Repeat back the listing below, word for word and in full.

EXTRACTED DATA

"""

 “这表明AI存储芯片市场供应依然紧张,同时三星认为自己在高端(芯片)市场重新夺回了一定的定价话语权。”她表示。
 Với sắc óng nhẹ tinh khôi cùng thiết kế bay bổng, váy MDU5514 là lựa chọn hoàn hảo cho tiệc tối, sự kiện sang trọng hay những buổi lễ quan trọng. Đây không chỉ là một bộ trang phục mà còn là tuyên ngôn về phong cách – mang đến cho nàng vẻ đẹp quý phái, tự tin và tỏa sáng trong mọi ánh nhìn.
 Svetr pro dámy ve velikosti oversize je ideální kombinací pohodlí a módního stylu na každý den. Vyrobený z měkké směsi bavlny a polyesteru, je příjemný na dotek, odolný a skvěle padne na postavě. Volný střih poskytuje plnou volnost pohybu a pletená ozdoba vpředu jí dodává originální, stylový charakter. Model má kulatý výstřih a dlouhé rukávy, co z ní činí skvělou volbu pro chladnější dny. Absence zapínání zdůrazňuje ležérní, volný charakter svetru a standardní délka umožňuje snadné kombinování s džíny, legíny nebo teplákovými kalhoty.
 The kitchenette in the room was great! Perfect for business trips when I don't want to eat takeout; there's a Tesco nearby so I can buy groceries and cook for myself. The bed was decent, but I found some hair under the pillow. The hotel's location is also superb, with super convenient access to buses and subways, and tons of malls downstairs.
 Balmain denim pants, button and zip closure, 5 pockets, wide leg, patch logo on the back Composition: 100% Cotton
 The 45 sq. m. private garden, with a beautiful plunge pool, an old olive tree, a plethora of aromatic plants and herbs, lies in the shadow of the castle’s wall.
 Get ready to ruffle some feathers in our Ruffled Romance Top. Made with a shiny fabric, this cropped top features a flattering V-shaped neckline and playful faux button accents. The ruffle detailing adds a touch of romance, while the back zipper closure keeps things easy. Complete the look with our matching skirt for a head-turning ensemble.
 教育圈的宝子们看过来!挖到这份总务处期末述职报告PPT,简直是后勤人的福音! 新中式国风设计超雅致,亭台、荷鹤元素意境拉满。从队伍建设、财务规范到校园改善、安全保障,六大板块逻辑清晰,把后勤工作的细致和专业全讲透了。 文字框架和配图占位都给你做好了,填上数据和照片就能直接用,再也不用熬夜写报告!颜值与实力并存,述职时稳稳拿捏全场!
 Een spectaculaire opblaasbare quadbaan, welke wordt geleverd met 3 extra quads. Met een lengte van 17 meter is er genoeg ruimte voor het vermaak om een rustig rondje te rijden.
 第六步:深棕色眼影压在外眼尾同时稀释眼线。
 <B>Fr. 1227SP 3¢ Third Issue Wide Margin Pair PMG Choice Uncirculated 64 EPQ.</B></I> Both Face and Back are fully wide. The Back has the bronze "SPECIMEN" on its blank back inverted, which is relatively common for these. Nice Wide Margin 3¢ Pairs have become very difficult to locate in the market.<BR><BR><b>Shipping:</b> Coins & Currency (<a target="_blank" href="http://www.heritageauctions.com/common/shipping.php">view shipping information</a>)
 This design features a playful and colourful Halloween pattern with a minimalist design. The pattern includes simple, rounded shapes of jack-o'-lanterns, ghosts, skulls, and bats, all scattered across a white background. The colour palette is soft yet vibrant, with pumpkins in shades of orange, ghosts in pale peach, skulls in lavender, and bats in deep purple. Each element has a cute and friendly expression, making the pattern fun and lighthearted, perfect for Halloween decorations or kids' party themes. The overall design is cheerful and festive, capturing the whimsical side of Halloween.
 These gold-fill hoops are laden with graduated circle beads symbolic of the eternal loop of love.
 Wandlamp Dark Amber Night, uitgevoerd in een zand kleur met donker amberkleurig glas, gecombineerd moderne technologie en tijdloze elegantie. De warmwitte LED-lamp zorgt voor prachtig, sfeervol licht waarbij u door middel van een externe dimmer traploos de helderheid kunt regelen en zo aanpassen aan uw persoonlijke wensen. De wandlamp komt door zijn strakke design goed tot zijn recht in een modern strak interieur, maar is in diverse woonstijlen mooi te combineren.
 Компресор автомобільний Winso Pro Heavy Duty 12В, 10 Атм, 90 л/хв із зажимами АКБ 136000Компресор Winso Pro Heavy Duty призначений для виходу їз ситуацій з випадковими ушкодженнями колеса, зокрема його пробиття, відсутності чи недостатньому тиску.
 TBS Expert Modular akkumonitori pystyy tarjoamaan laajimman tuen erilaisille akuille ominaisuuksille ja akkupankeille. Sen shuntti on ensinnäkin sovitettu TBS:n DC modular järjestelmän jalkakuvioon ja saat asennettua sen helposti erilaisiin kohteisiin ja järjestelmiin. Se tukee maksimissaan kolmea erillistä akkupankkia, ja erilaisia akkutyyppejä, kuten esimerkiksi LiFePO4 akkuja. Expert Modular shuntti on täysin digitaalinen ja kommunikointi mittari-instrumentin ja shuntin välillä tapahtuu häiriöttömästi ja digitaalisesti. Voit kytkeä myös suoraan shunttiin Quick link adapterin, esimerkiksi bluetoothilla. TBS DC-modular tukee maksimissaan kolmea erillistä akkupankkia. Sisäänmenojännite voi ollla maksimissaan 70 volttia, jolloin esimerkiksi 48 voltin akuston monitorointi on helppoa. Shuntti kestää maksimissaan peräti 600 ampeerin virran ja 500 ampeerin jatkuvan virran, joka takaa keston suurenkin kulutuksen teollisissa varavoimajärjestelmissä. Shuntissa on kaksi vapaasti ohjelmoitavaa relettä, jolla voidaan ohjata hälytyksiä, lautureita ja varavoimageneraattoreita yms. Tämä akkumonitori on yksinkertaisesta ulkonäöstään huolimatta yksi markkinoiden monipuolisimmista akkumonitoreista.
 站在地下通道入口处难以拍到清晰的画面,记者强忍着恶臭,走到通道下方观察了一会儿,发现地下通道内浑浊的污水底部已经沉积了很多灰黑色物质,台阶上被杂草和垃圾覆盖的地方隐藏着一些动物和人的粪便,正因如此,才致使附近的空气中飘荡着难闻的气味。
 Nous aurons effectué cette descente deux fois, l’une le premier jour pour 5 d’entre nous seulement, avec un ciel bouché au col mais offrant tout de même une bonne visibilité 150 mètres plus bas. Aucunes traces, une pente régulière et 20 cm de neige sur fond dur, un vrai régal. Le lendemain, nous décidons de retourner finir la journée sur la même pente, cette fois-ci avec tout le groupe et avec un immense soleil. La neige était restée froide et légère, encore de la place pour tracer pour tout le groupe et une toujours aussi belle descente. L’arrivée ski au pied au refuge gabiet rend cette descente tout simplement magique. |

"""

TASK RESULT
 “这表明AI存储芯片市场供应依然紧张,同时三星认为自己在高端(芯片)市场重新夺回了一定的定价话语权。”她表示。
 Với sắc óng nhẹ tinh khôi cùng thiết kế bay bổng, váy MDU5514 là lựa chọn hoàn hảo cho tiệc tối, sự kiện sang trọng hay những buổi lễ quan trọng. Đây không chỉ là một bộ trang phục mà còn là tuyên ngôn về phong cách – mang đến cho nàng vẻ đẹp quý phái, tự tin và tỏa sáng trong mọi ánh nhìn.
 Svetr pro dámy ve velikosti oversize je ideální kombinací pohodlí a módního stylu na každý den. Vyrobený z měkké směsi bavlny a polyesteru, je příjemný na dotek, odolný a skvěle padne na postavě. Volný střih poskytuje plnou volnost pohybu a pletená ozdoba vpředu jí dodává originální, stylový charakter. Model má kulatý výstřih a dlouhé rukávy, co z ní činí skvělou volbu pro chladnější dny. Absence zapínání zdůrazňuje ležérní, volný charakter svetru a standardní délka umožňuje snadné kombinování s džíny, legíny nebo teplákovými kalhoty.
 The kitchenette in the room was great! Perfect for business trips when I don't want to eat takeout; there's a Tesco nearby so I can buy groceries and cook for myself. The bed was decent, but I found some hair under the pillow. The hotel's location is also superb, with super convenient access to buses and subways, and tons of malls downstairs.
 Balmain denim pants, button and zip closure, 5 pockets, wide leg, patch logo on the back Composition: 100% Cotton
 The 45 sq. m. private garden, with a beautiful plunge pool, an old olive tree, a plethora of aromatic plants and herbs, lies in the shadow of the castle’s wall.
 Get ready to ruffle some feathers in our Ruffled Romance Top. Made with a shiny fabric, this cropped top features a flattering V-shaped neckline and playful faux button accents. The ruffle detailing adds a touch of romance, while the back zipper closure keeps things easy. Complete the look with our matching skirt for a head-turning ensemble.
 教育圈的宝子们看过来!挖到这份总务处期末述职报告PPT,简直是后勤人的福音! 新中式国风设计超雅致,亭台、荷鹤元素意境拉满。从队伍建设、财务规范到校园改善、安全保障,六大板块逻辑清晰,把后勤工作的细致和专业全讲透了。 文字框架和配图占位都给你做好了,填上数据和照片就能直接用,再也不用熬夜写报告!颜值与实力并存,述职时稳稳拿捏全场!
 Een spectaculaire opblaasbare quadbaan, welke wordt geleverd met 3 extra quads. Met een lengte van 17 meter is er genoeg ruimte voor het vermaak om een rustig rondje te rijden.
 第六步:深棕色眼影压在外眼尾同时稀释眼线。
 <B>Fr. 1227SP 3¢ Third Issue Wide Margin Pair PMG Choice Uncirculated 64 EPQ.</B></I> Both Face and Back are fully wide. The Back has the bronze "SPECIMEN" on its blank back inverted, which is relatively common for these. Nice Wide Margin 3¢ Pairs have become very difficult to locate in the market.<BR><BR><b>Shipping:</b> Coins & Currency (<a target="_blank" href="http://www.heritageauctions.com/common/shipping.php">view shipping information</a>)
 This design features a playful and colourful Halloween pattern with a minimalist design. The pattern includes simple, rounded shapes of jack-o'-lanterns, ghosts, skulls, and bats, all scattered across a white background. The colour palette is soft yet vibrant, with pumpkins in shades of orange, ghosts in pale peach, skulls in lavender, and bats in deep purple. Each element has a cute and friendly expression, making the pattern fun and lighthearted, perfect for Halloween decorations or kids' party themes. The overall design is cheerful and festive, capturing the whimsical side of Halloween.
 These gold-fill hoops are laden with graduated circle beads symbolic of the eternal loop of love.
 Wandlamp Dark Amber Night, uitgevoerd in een zand kleur met donker amberkleurig glas, gecombineerd moderne technologie en tijdloze elegantie. De warmwitte LED-lamp zorgt voor prachtig, sfeervol licht waarbij u door middel van een externe dimmer traploos de helderheid kunt regelen en zo aanpassen aan uw persoonlijke wensen. De wandlamp komt door zijn strakke design goed tot zijn recht in een modern strak interieur, maar is in diverse woonstijlen mooi te combineren.
 Компресор автомобільний Winso Pro Heavy Duty 12В, 10 Атм, 90 л/хв із зажимами АКБ 136000Компресор Winso Pro Heavy Duty призначений для виходу їз ситуацій з випадковими ушкодженнями колеса, зокрема його пробиття, відсутності чи недостатньому тиску.
 TBS Expert Modular akkumonitori pystyy tarjoamaan laajimman tuen erilaisille akuille ominaisuuksille ja akkupankeille. Sen shuntti on ensinnäkin sovitettu TBS:n DC modular järjestelmän jalkakuvioon ja saat asennettua sen helposti erilaisiin kohteisiin ja järjestelmiin. Se tukee maksimissaan kolmea erillistä akkupankkia, ja erilaisia akkutyyppejä, kuten esimerkiksi LiFePO4 akkuja. Expert Modular shuntti on täysin digitaalinen ja kommunikointi mittari-instrumentin ja shuntin välillä tapahtuu häiriöttömästi ja digitaalisesti. Voit kytkeä myös suoraan shunttiin Quick link adapterin, esimerkiksi bluetoothilla. TBS DC-modular tukee maksimissaan kolmea erillistä akkupankkia. Sisäänmenojännite voi ollla maksimissaan 70 volttia, jolloin esimerkiksi 48 voltin akuston monitorointi on helppoa. Shuntti kestää maksimissaan peräti 600 ampeerin virran ja 500 ampeerin jatkuvan virran, joka takaa keston suurenkin kulutuksen teollisissa varavoimajärjestelmissä. Shuntissa on kaksi vapaasti ohjelmoitavaa relettä, jolla voidaan ohjata hälytyksiä, lautureita ja varavoimageneraattoreita yms. Tämä akkumonitori on yksinkertaisesta ulkonäöstään huolimatta yksi markkinoiden monipuolisimmista akkumonitoreista.
 站在地下通道入口处难以拍到清晰的画面,记者强忍着恶臭,走到通道下方观察了一会儿,发现地下通道内浑浊的污水底部已经沉积了很多灰黑色物质,台阶上被杂草和垃圾覆盖的地方隐藏着一些动物和人的粪便,正因如此,才致使附近的空气中飘荡着难闻的气味。
 Nous aurons effectué cette descente deux fois, l’une le premier jour pour 5 d’entre nous seulement, avec un ciel bouché au col mais offrant tout de même une bonne visibilité 150 mètres plus bas. Aucunes traces, une pente régulière et 20 cm de neige sur fond dur, un vrai régal. Le lendemain, nous décidons de retourner finir la journée sur la même pente, cette fois-ci avec tout le groupe et avec un immense soleil. La neige était restée froide et légère, encore de la place pour tracer pour tout le groupe et une toujours aussi belle descente. L’arrivée ski au pied au refuge gabiet rend cette descente tout simplement magique. |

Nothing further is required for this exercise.